I didn’t upload the file. But since the identical Beam code, when running in 
Spark local mode, was able to fetch the file and process it, the file does 
exist.
It’s just that somehow Spark standalone mode can’t find the file.


> On Jan 23, 2017, at 4:50 PM, Amit Sela <[email protected]> wrote:
> 
> I think "external" is the key here, you're cluster is running all it's 
> components on your local machine so you're good.
> 
> As for GS, it's like Amazon's S3 or sort-of a cloud service HDFS offered by 
> Google. You need to upload your file to GS. Have you ?  
> 
> On Mon, Jan 23, 2017 at 11:47 PM Chaoran Yu <[email protected] 
> <mailto:[email protected]>> wrote:
> Well, my file is not in my local filesystem. It’s in GS. 

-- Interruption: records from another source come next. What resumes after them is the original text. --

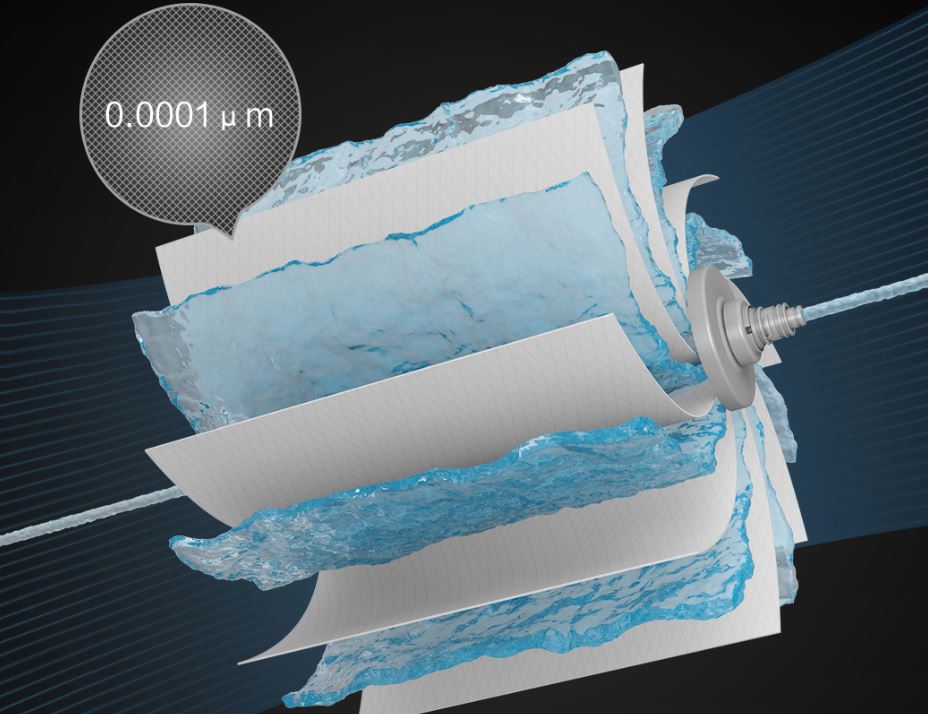 Внутри размещена мембрана с размером отверстий 0.0001 микрометра. 5 этапов фильтрации позволяют удалять ржавчину, окалину, тяжелые металлы, остаточный хлор, примеси и т.д.
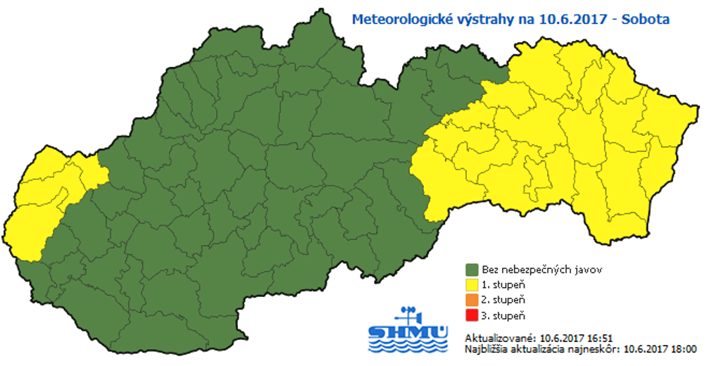 Hrozba búrok sa presunula na východ Slovenska. Prakticky na celom území východného Slovenska hrozia podľa aktualizovaných informácií Slovenského hydrometeorologického ústavu (SHMÚ) do 19.00 h búrky s krúpami.
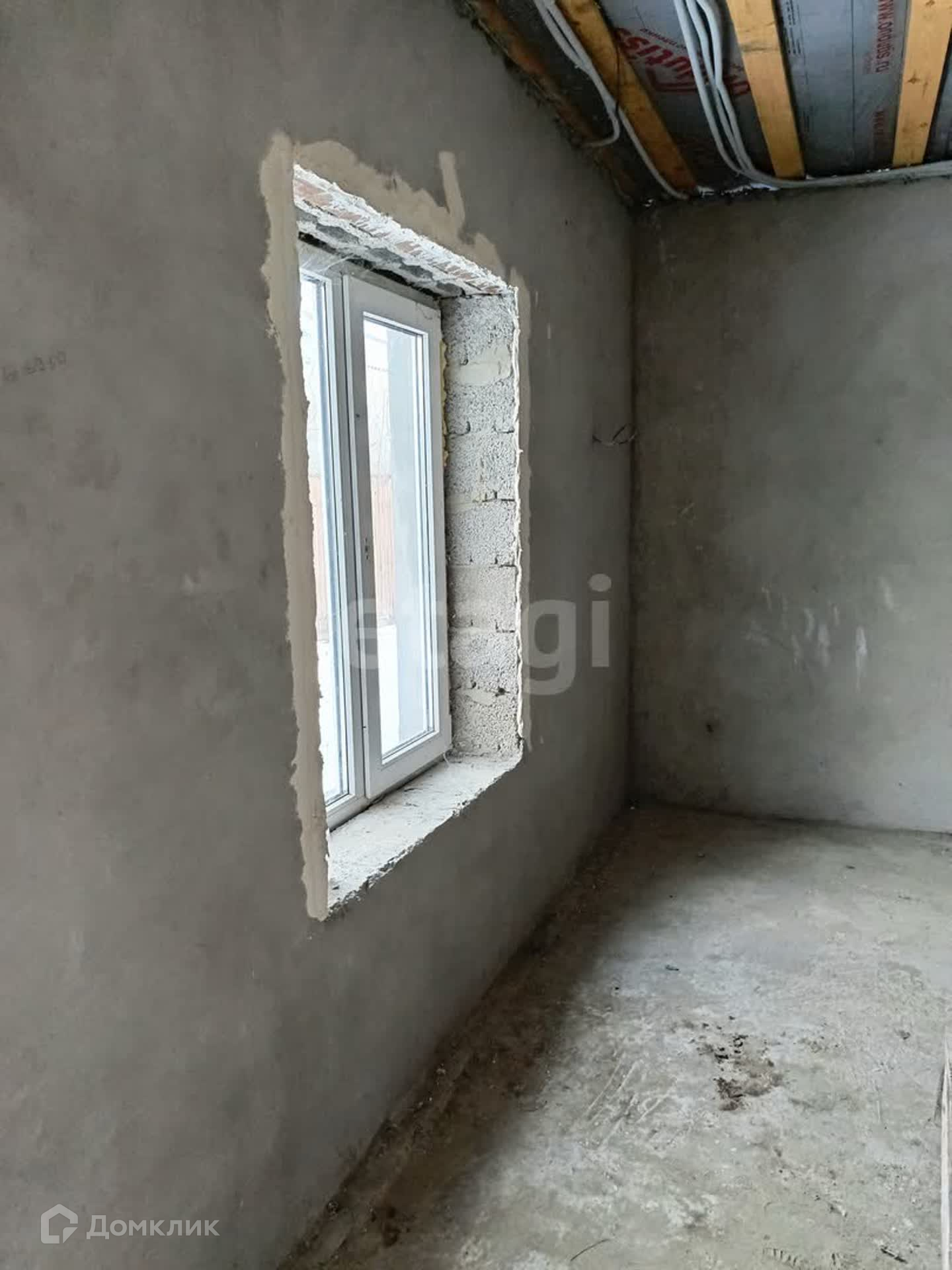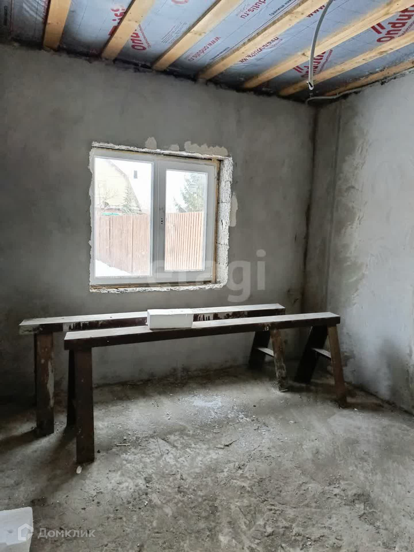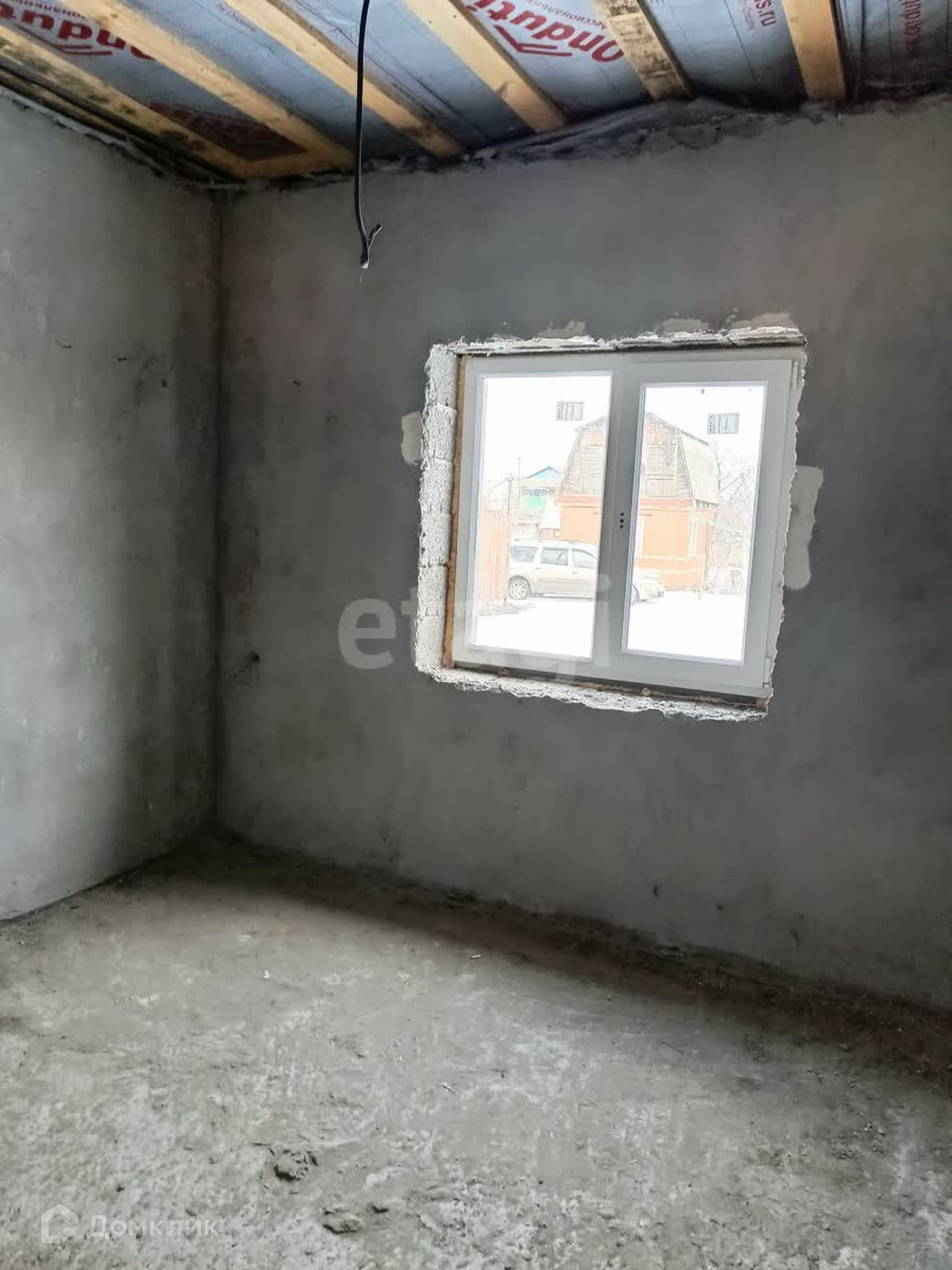 Дом 53 кв.м на участке 4 сотки из усиленных керамзитобетонных блоков размером 300*400*200. Фасад дома утеплен пенопластом, оштукатурен с применением фасадной сетки, подготовлен под дальнейшее чистовое покрытие. Стены внутри тоже оштукатурены и подготовлены к чистовой отделке. Крыша - металлочерепица.
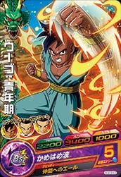 HGD3-53ウーブ:青年期 HP:2200パワー:3400ガード:1000 かめはめ波 必要エナジー5 アビリティ:仲間へのエール サポーターにして、仲間にリンクラインをあてると発動。仲間の気力を回復する。[毎回] アルティメットユニット:エナジーチャージユニット 自分チームのヒーローエナジーが2倍になる。[永続] 消費エナジー:1
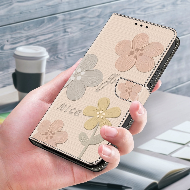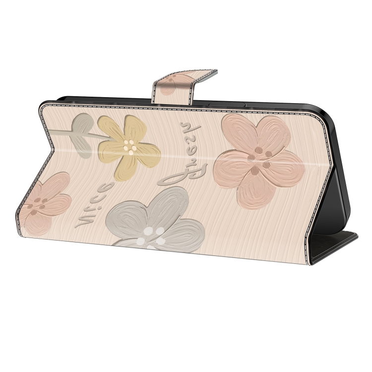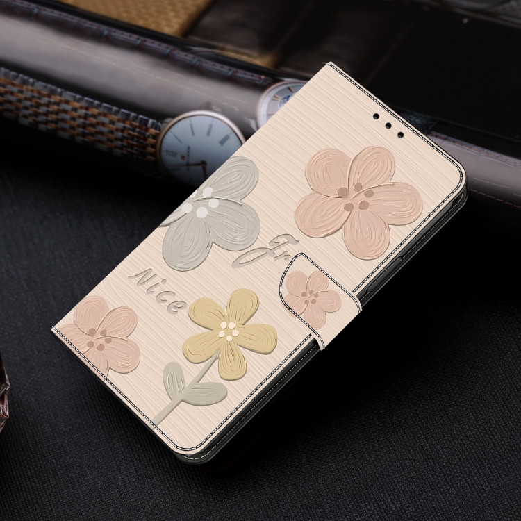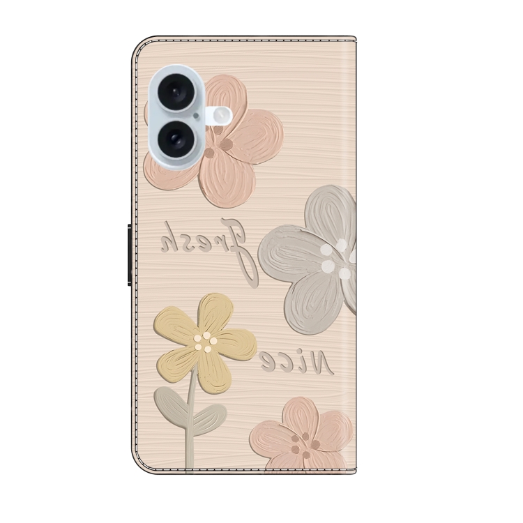 Funda de Piel Pintada a Mano para iPhone 16 (Flores Beige)

> This is the line of code that reads the input file: 
> p.apply(TextIO.Read.from("gs://apache-beam-samples/shakespeare/* <>"))
> 
> And this page https://beam.apache.org/get-started/quickstart/ 
> <https://beam.apache.org/get-started/quickstart/> says the following:
> "you can’t access a local file if you are running the pipeline on an external 
> cluster”.
> I’m indeed trying to run a pipeline on a standalone Spark cluster running on 
> my local machine. So local files are not an option.
> 
> 
>> On Jan 23, 2017, at 4:41 PM, Amit Sela <[email protected] 
>> <mailto:[email protected]>> wrote:
>> 
>> Why not try file:// instead ? it doesn't seem like you're using Google 
>> Storage, right ? I mean the input file is on your local FS.
>> 
>> On Mon, Jan 23, 2017 at 11:34 PM Chaoran Yu <[email protected] 
>> <mailto:[email protected]>> wrote:
>> No I’m not using Dataproc.
>> I’m simply running on my local machine. I started a local Spark cluster with 
>> sbin/start-master.sh and sbin/start-slave.sh. Then I submitted my Beam job 
>> to that cluster.
>> The gs file is the kinglear.txt from Beam’s example code and it should be 
>> public. 
>> 
>> My full stack trace is attached.
>> 
>> Thanks,
>> Chaoran
>> 
>> 
>> 
>>> On Jan 23, 2017, at 4:23 PM, Amit Sela <[email protected] 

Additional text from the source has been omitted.